In the 1990s, after the signing of the Oslo Accords — through which the Palestine Liberation Organization (PLO) handed over 78% of Palestinian land to Israel and gave legitimacy to the Jewish state — several Gulf states including Qatar, Bahrain and Oman established diplomatic connections with Israel even as the reconciliation disintegrated in 2000 and tensions flared following the second intifada. Saudi Arabia’s proposed Arab Peace Initiative in 2002 paired normalisation with the establishment of a sovereign Palestinian state — the plan de facto lent legitimacy to the Israeli state. After Egypt and Jordan stepped back from the Khartoum Resolution to recognise Israel; UAE, Bahrain, Sudan and Morocco forged diplomatic relations with Israel.

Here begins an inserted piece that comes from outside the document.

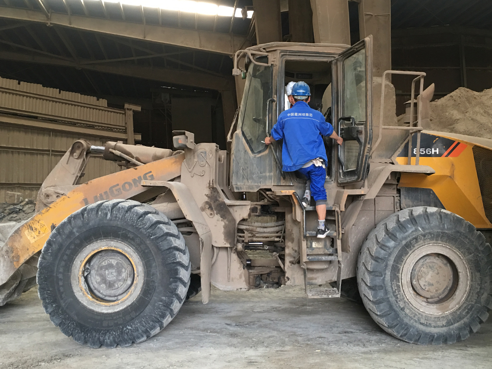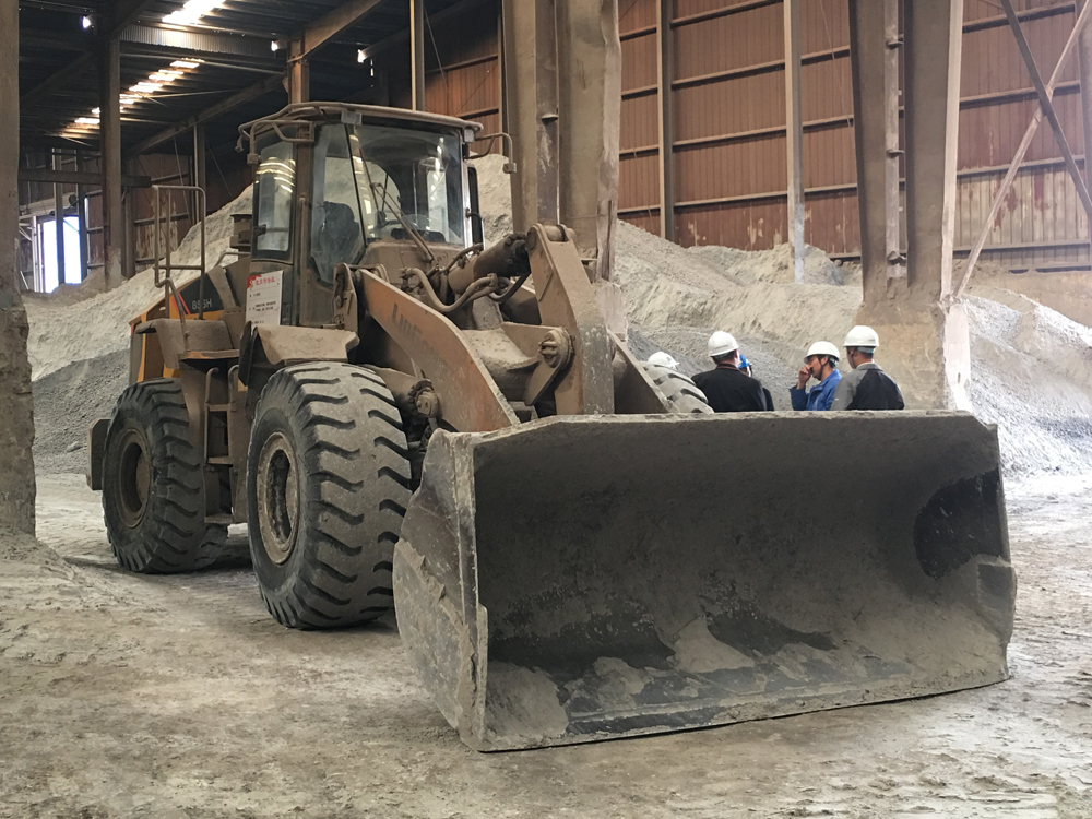 在走访过程中,我们了解到厂内还有一台高机龄江南注册设备正在料仓内生产作业。因现场的作业环境尘土过大,工况较为恶劣,在余总的带领下,我们在做好了充分的安全保护措施后有幸进入到生产车间,一睹江南注册855N的威风。

Meanwhile, Iran’s intervention in Iraq, Lebanon, Syria and Yemen to expand region-wide influence as well as tactics to leverage Palestine for negotiations with the US has deepened the prospect of any regional consensus on Palestine. Tehran has been selling its ‘resistance’ narrative via its proxy Hezbollah, while avoiding a direct conflict with Israel and playing the Palestine card to ‘garner popular support’ in the wider Gulf.

Given there haven’t been any serious peace talks between Palestine and Israel for more than a decade and all countries compete with one another as to how to best exploit Palestine to its own advantage, the Middle East’s promise to Palestine is almost dead. The PLO retraction from its historical position gave a walkover to Israel. The ongoing covert and overt connections between Arab states and Israel, spurred by Iran’s pursuit of regional dominance, will alas be the last nail in the coffin for Palestinian independence.

Published in The Express Tribune, July 26th, 2022.